Tonight's Mutual was being held in the church's gymnasium, a large room with carpeted walls, a yellowing basketball court, and a small performance stage with heavy curtains drawn. The stage used to feature annual plays conceptualized by one of the few members with talent, but I was too young to remember. Either they moved wards, died, or had given up. Considering the dreary aura of Maryville, I suspected the latter.

The leaders had organized a combined Mutual with the girls, which normally would be fine — if not awkward — but with the speakers set up on the stage and cheap disco lights around the court, this wasn't going to be a normal combined Mutual.

"This is fucking ridiculous," Manny groaned as he, Alex, and I walked through the gym doors. "We already know how to dance."

We'd had several dances during the year, from small ward dances to stake dances to district dances. They were genuinely miserable. Every event was hosted in one of the many identical church gymnasiums scattered around Tennessee, with subpar air conditioning, censored music, and a dress code.

And occasionally, on unsuspecting Wednesdays, the leaders would corral us in the gym for dance lessons. These Mutuals were almost as miserable as the events themselves, except now we would be forced to tango by southern white folks who'd never tangoed in their lives.

"I'm going to kill myself," Alex said as we watched the leaders setting up pizzas on tables along a wall, which would certainly be cold by end of the night. Papa John's. He gagged.

Manny lead us to the stage, where Madison and Evelyn were already seated. "I swear to God, if Jacob doesn't show up, I'm gonna go to his house and drag him here. He deserves to suffer, too."

Evelyn welcomed us with a soft smile as she patted the stage floor beside her. I accepted the invitation with a small curtsy, and she laughed. "So," Madison started, leaning forward to look at all of us, "does Ezra have a girlfriend?"

I used to like her. I decided, at the moment, that I didn't anymore. Alex elbowed me between the ribs. "Yes, he does," I said, and he elbowed he again.

"Seriously?" Manny asked.

Alex rolled his eyes. "No, he doesn't. Luke is thinking of something else, because if you ask Ezra, he'd say he doesn't." His glare was searing the side of my head, but I refused to meet it. He wasn't wrong; if Alex had agreed, then Ezra would be out of the loop and say otherwise, and everyone would wonder why we lied. Selfishly, though, I wanted him off the market. With his tall frame and crooked smile, no Mormon girl would hold back.

"Okay, I call dibs on dancing with him first," she said matter-of-factly.

Evelyn dropped her jaw. "Not fair!"

"Dance with Luke or something. Aren't you guys in love?"

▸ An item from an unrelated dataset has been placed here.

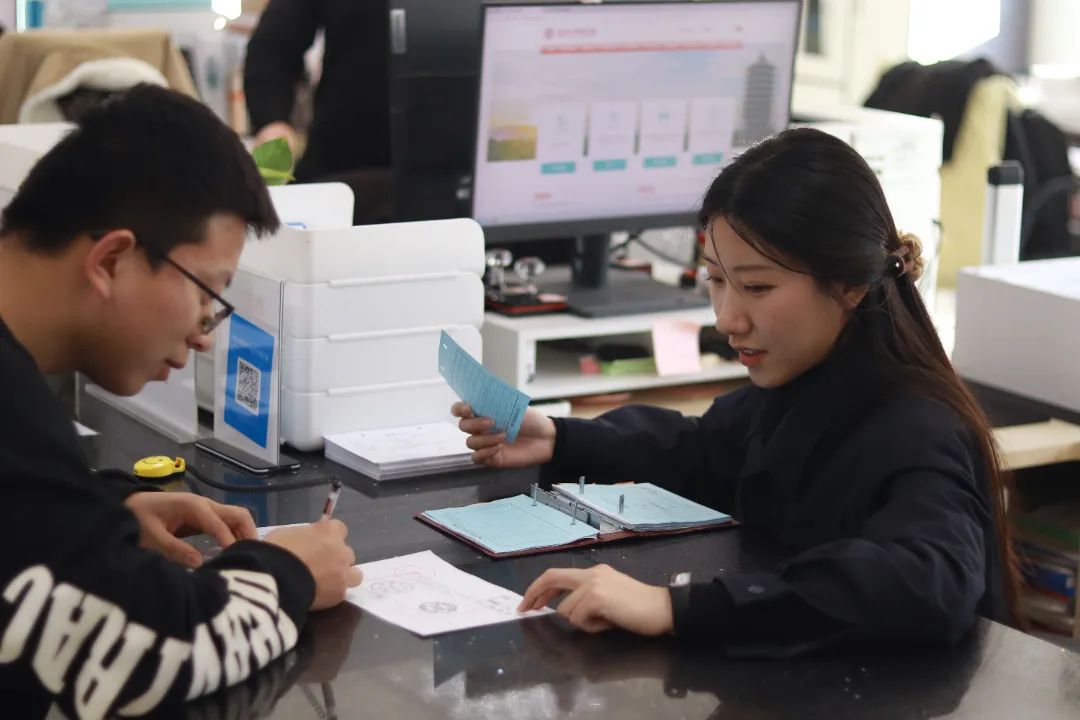 在上岗第一个月的见习期,赵予宁认真观摩学习其他业务员办理业务的流程,刚开始独立办理业务的时候,遇到自己不确定的情况也会及时向有经验的同事请教。接听电话是难度最大的一项工作,如果对业务没有全面深入的掌握,经常会在师生询问一些细节问题时回答不上来。因此,她在其他业务员接电话时仔细聆听,对自己不熟悉的业务内容查缺补漏,经过长期的学习才能够独立接听电话。通过努力和坚持,她从窗口业务的“小白”成长为熟练的业务员,参与大小勤务五十余次,做到了本职工作零失误。

We groaned in unison. We went on one date when she turned sixteen, a right of passage in the Church, and it had been nothing but platonic, as most first dates were in the ward. That fact never deterred people from talking about us, though. "By that logic, why don't you dance with Manny?" Evelyn suggested with a coy smile.

"Ew," Madison scrunched her nose as Manny stood up from where he was sitting to slide next to her.

"Mads, gimme a chance," he cooed with an arm around her shoulder as she tried swatting him sway.

Evelyn and I would look good together, no doubt. She was as short to me as I was to Ezra, which was ideal. She'd be able to rest her head under my chin, or easily wrap her arms around my waist, or have to stand on her tiptoes to kiss me. I envied her.